The newly established, post-Revolutionary War state of New Jersey went through several stages setting out how its local governments would be structured. Townships were drawn that included villages and open land. Once boroughs became available in New Jersey as a form of local government after 1878, between 1889 and 1899 Chatham Township lost all but one of the villages drawn into it, including Chatham (settled in 1710), which had been drawn into the new township in 1806. They seceded as soon as the bourough form of government became available.

Only Green Village, another early town that, like Chatham, dates to colonial times, was left under jurisdiction of "Chatham Township".

On August 19, 1892, the citizens of Chatham reincorporated with another new type of village government offered as an alternative within townships by New Jersey as it developed. The village of Chatham then reincorporated for governance as a borough by an Act of the New Jersey Legislature on March 1, 1897 regaining independence from Chatham Township.

The Continental Army’s First Winter Encampment January – May 1777 in the Lowantica Valley (modern spelling Loantaka ) Morris County, Chatham Township, New Jersey. After successfully crossing the Delaware River, with subsequent battles in Trenton and Princeton, General Washington marched to Morristown, NJ and made his headquarters in Arnold’s Tavern on the Morristown Green. Most of the army was sent a few miles southeast to the Lowantica Valley (modern spelling Loantaka) in present day Chatham Township. Site is North of Loantaka Brook, East of Tredwell Avenue West of Giralda Farms. In 2016, the Morris County Park Commission and the Chatham Township Historical Society began working together to reclaim the area and create trails and apply for grants for informational signage.

== Shared services ==
The municipalities of Chatham and Chatham Township now share various joint public services: the school district (School District of the Chathams, created in 1986), the library (since 1974), the municipal court (created 2010), the medical emergency squad (since 1936), and the decades long, recreation program.

=== Public schools ===

The municipalities of Chatham and Chatham Township held elections in November 1986 to consider joining their separate school districts. This proposal was supported by the voters of both and they now share a regionalized school district, the School District of the Chathams.
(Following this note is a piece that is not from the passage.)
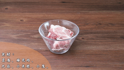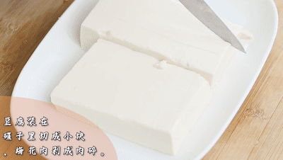 豆腐裝在碟子里直接用刀切成小塊,梅花肉剁成肉碎

==== Elementary schools ====
- Milton Avenue School. Grades Pre-K - 2. Principal - Kristen Crawford. For the 2014-15 school year, the Milton Avenue School was recognized with a Blue Ribbon School Award by the United States Department of Education, the highest award an American school can receive.
- Southern Boulevard School. Grades K - 2. Principal - Marco Freyre.
- Washington Avenue School. Grades K - 2. Principal - Kristine Dudlo.
- Lafayette School. Grades 3 & 4. Principal - Cheryl Russo.

==== Middle school ====
- Chatham Middle School Grades 5 - 8. Principal - Anthony "Tony" Orsini. Vice Principals - Peter "Pete" Trebour and Sean Devine.

==== High school ====
- Chatham High School. Grades 9 - 12. Principal - Douglas "Doug" Walker. Vice Principals - Lori Gironda and Connor Henderson.

For the 2004-05 school year, the high school was recognized with a Blue Ribbon School Award by the United States Department of Education, the highest award an American school can receive.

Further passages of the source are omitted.